Gordon Rayner is The Telegraph’s political editor, today his byline was on a story claiming that “new advertisements have started appearing yesterday following criticism that the Government slogan was too vague”. An astonished government source tells Guido “Gordon is a moron, Telegraph executives helped devise the campaign, taxpayers just paid for it”.
It is not a government campaign, it is a backdoor subsidy for financially desperate newspapers to keep them alive.
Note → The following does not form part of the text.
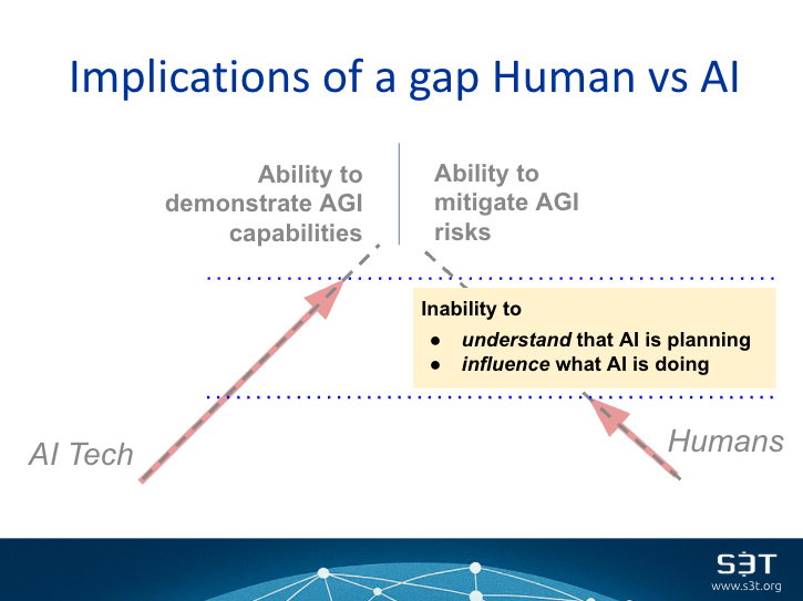 A dangerous scenario - where AI technology races ahead of humans - would manifest itself as an inability of humans to understand what an AI entity is doing or planning, and an inability to exercise any meaningful influence or control over that AI entity.

The campaign was created by the dead tree press trade body Newsworks, who explain in a press release:
“Branded content ran in today’s papers and online with the words “keep our distance, wash our hands, think of others and play our part” highlighted the heartfelt stories that show how the country is working together.
Sponsored stories include everything from a school trust delivering food hampers to the families most at need in Yorkshire (via the The Telegraph) to a team of engineers aiming to supply an incredible 10,000 ventilators within 100 days to hospitals across the country, something that would have normally taken over two years (via Kent Online).
The “All in, all together” campaign idea was developed by the newspaper industry as a way of delivering government communications in an intimate, human and compassionate tone that readers can relate to.”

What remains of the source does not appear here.